For this reason, we would probably not be able to agree about which
kinds of works should have shorter or longer protection times. In this kind of
discussions, where you are trying to agree on a time limit of x years, it is in
the nature of things that all suggestions for values for x tend to be somewhat
arbitrary and picked out of thin air. Having to come up with different
semi-arbitrary values for each different category of works just makes it more
complicated, and reduces the chances of finding a solution that you can defend
with objective arguments.

 

But if you look at the issue from an investor’s point of view, things
become different. The music industry may be very different from the computer
software sector, but they have one thing in common. Money is money, regardless
of what sector you choose to invest it in.

 

When an investor makes the decision to invest in a project in any
industry – it may be music, film, computer programs for the mass market,
or anything else – he will calculate his business case with a certain
time to get a return on his investment. If the project goes according to plan
it is supposed to cover its cost and make a profit within x years. If not, it
is a failure.

 

x
is always a very small number in this kind of calculations. That
somebody would seriously make a business case for a cultural project where the
time to payback is more than three years, probably never happens. People who
build bridges and nuclear reactors and the like will of course use longer
investment horizons, but outside those industries, business cases that are
longer than three years are very uncommon in business in general.

 

This is of course even more so in the cultural sector. Who can predict
what will be cool and hip two or three years from now, in such a fast moving
landscape as culture. Most cultural projects are expected to pay for themselves
and make a profit within a year.

 

By looking at the protection times from an investor’s point of view, we
can justify having the same protection time for all works, even though they are
different. The purpose of the economic exclusivity part of copyright is to
attract investors to the cultural sector. And investors think in the same way
regardless of what they are investing in.

 

The project should pay for itself and make a profit within one or a few
years, otherwise it is a failure. The small theoretical chance that the work
that you financed turns out to be a timeless classic that continues to generate
revenues for decades is a nice bonus chance for the investor, but nothing that
has a place in a serious business case.

 

So why 20 years, and not 5 or 3?

 

Our suggestion for a protection time of 20 years is a pragmatic
compromise.
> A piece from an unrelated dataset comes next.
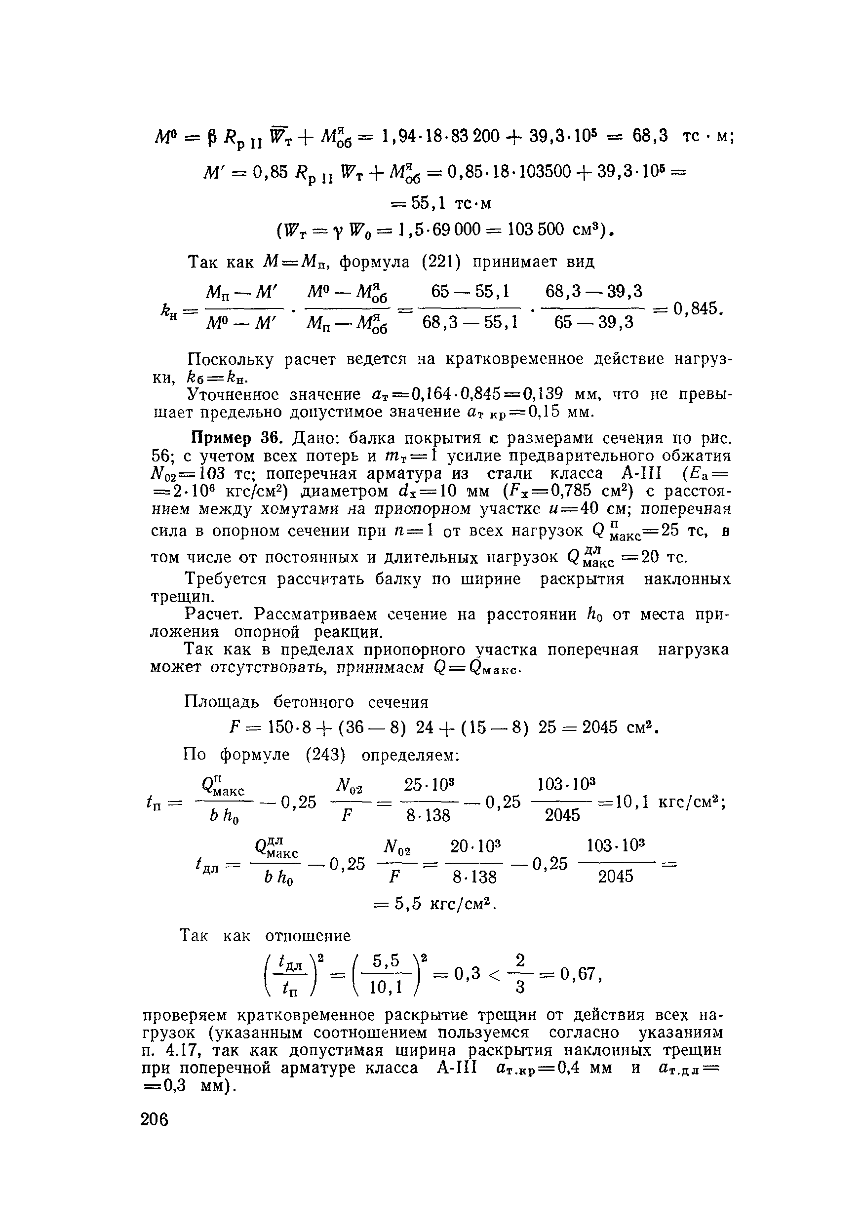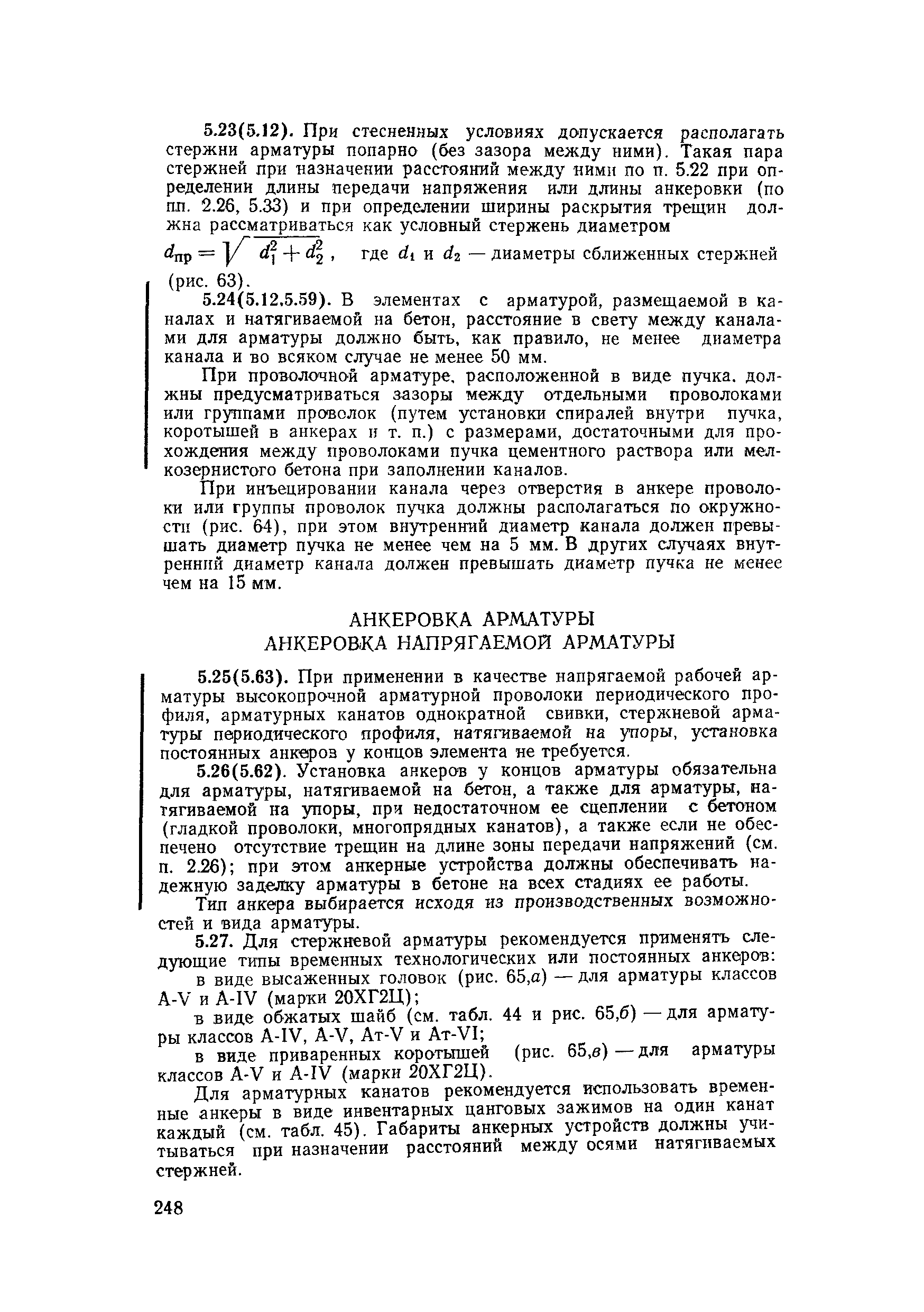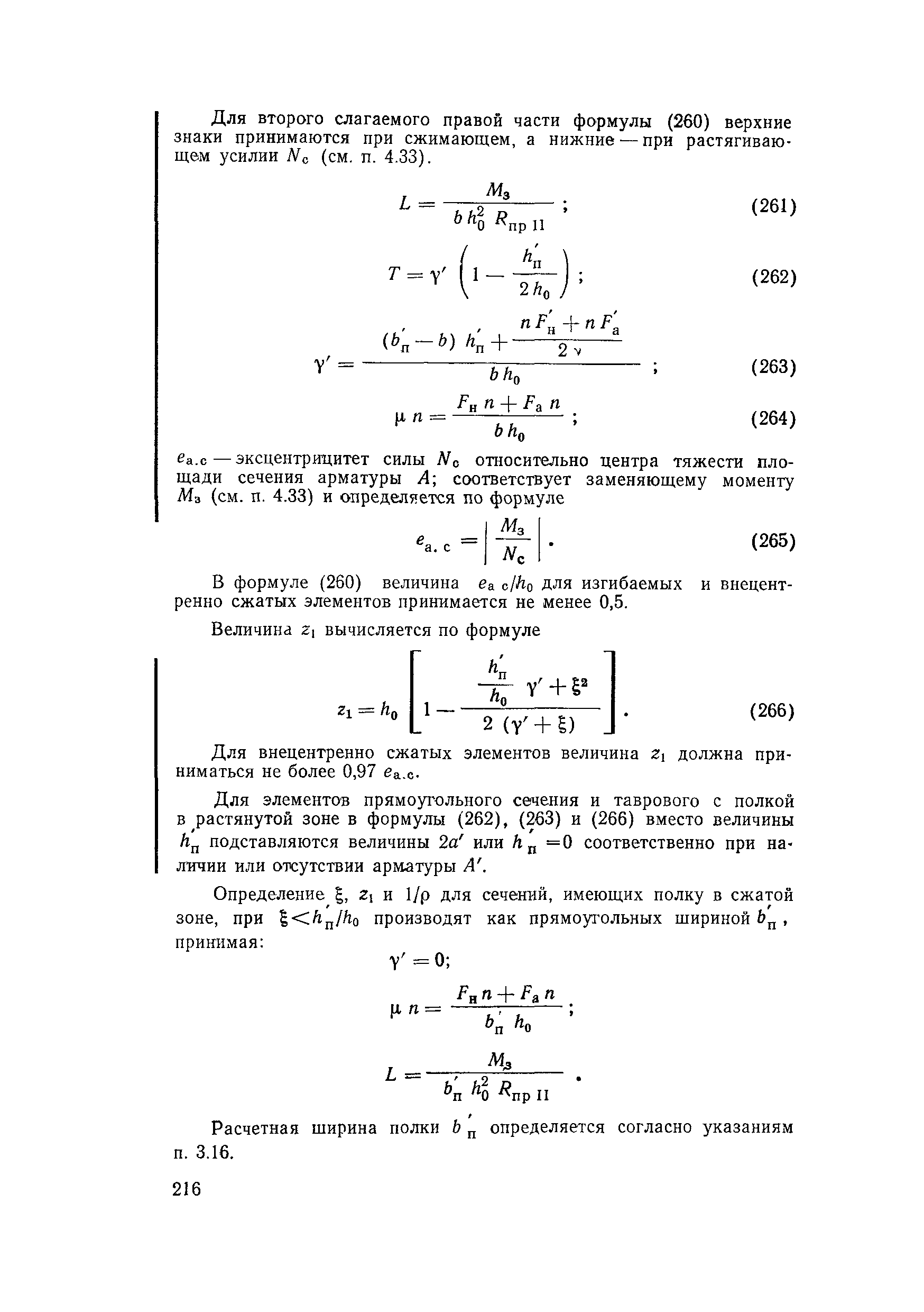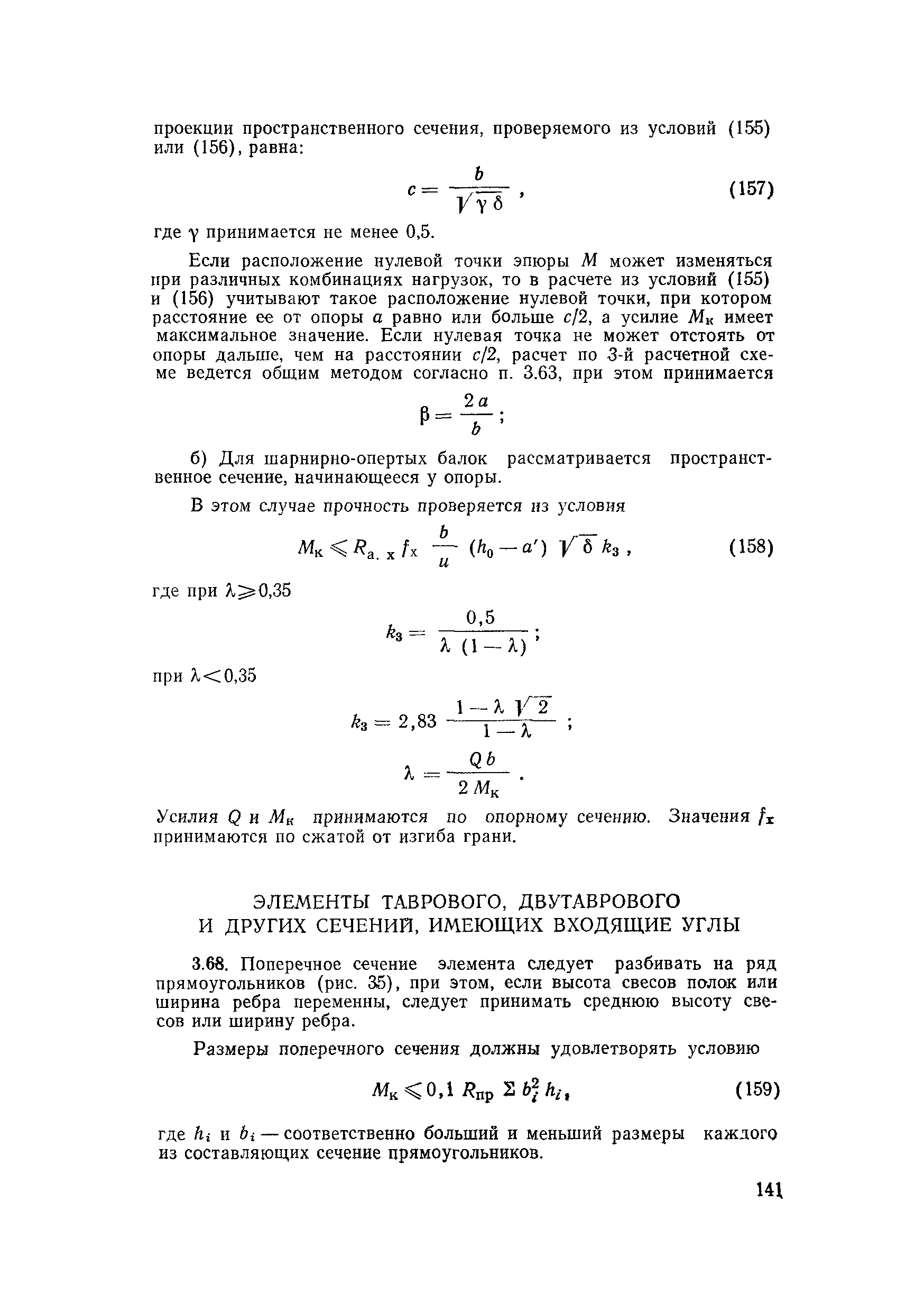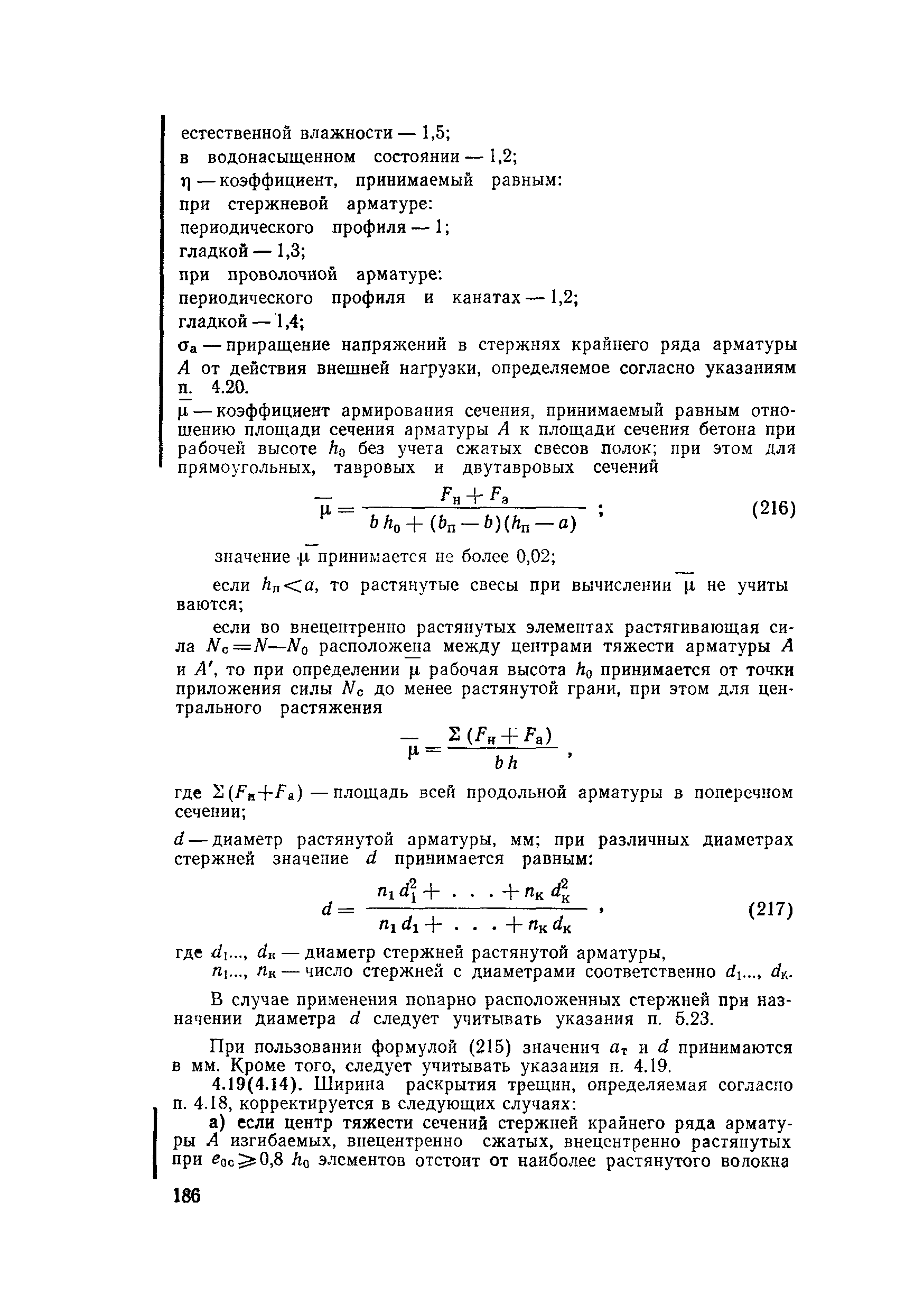 | Оглавление: | Предисловие Основные буквенные обозначения 1. Общие указания Основные положения Основные расчетные требования Предварительные напряжения в железобетонных конструкциях Примеры расчета 2. Материалы для железобетонных конструкций Бетон Нормативные и расчетные характеристики бетона Арматура Нормативные и расчетные характеристики арматуры 3. Расчет элементов железобетонных конструкций по предельным состояниям первой группы Расчет железобетонных элементов по прочности Общие указания Изгибаемые элементы Расчет сечений, нормальных к продольной оси элемента Прямоугольные сечения Тавровые и двутавровые сечения Тавровые и двутавровые сечения Элементы, работающие на косой изгиб Общий случай расчета нормальных сечений изгибаемых элементов Расчет сечений, наклонных к продольной оси элемента Расчет элементов постоянного по длине сечения, армированных хомутами без отгибов Расчет элементов постоянного сечения с отогнутыми стержнями Расчет элементов с переменной высотой сечения Расчет элементов без поперечного армирования Расчет наклонных сечений по поперечной силе при косом изгибе Расчет наклонных сечений по изгибающему моменту Внецентренно сжатые элементы Учет влияния прогиба элемента Расчет элементов симметричного сечения при расположении продольной силы в плоскости симметрии Кольцевые сечения Расчет элементов на воздействие предварительного обжатия Центрально и внецентренно растянутые элементы Центрально растянутые элементы Внецентренно растянутые элементы Расчет элементов прямоугольного сечения при расположении продольной силы в плоскости оси симметрии Расчет сечений, наклонных к продольной оси элементов Элементы, работающие на кручение с изгибом Элементы прямоугольного сечения Элементы таврового, двутаврового и других сечений, имеющих входящие углы Элементы кольцевого сечения с продольной арматурой, равномерно распределенной по окружности Примеры расчета Расчет железобетонных конструкций на выносливость Примеры расчета 4. Расчет элементов железобетонных конструкций по предельным состояниям второй группы Расчет железобетонных элементов по образованию трещин Расчет по образованию трещин, нормальных к продольной оси элемента Расчет по образованию трещин, наклонных к продольной оси элемента Расчет железобетонных элементов по раскрытию трещин Расчет по раскрытию трещин, нормальных к продольной оси элемента Расчет по раскрытию трещин, наклонных к продольной оси элемента Расчет железобетонных элементов по закрытию трещин Расчет по закрытию трещин, нормальных к продольной оси элемента Расчет по закрытию трещин, наклонных к продольной оси элемента Расчет элементов железобетонных конструкций по деформациям Определение кривизны железобетонных элементов на участках без трещин в растянутой зоне Определение кривизны железобетонных элементов на участках с трещинами в растянутой зоне Определение прогибов Определение продольных деформаций Приближенные методы расчета деформаций Примеры расчета 5. Конструктивные требования Общие требования Габариты и очертания элементов конструкций Защитный слой бетона Минимальные расстояния между стержнями арматуры Анкеровка арматуры Анкеровка напрягаемой арматуры Указания по армированию железобетонных элементов Продольное арм

Even if there are sound arguments for why 5 years or even shorter
might be enough from society’s point of view, many people still instinctively
feel that 5 years would be to short, at least in some cases.

 

And rather than getting bogged down in an unproductive quarrel over what
will always remain at least partly arbitrary numbers, we choose to say 20
years.

 

The important thing is to get away from today’s protection times of a
human lifetime or more. These long protection times are clearly harmful to
society, since they effectively keep most of our common cultural heritage
locked away even long after the majority of the works have lost all their
commercial value to the rights holder. This is a deadweight loss in economic
terms, and an outrage in cultural ones.

 

If protection times were reduced to 20 years, this would solve most of
the problem of “the black hole of the 20th century”, and allow librarians and
archivists to start the urgent task of preserving the 20th century works that
are rotting away in archives by digitizing them. 5 or 10 years would be better
from their point of view, but 20 would be okay.

 

At the same time, 20 years is still enough to support the pleasant (but
very unlikely) dream of creating a major hit that becomes an evergreen that
generates revenues for decades. If your next project strikes gold and suddenly
propels you into the same kind of longlasting fame that Paul McCartney or ABBA
have enjoyed, 20 years will be more than enough for you to become very rich
indeed, and never have to worry about money ever again.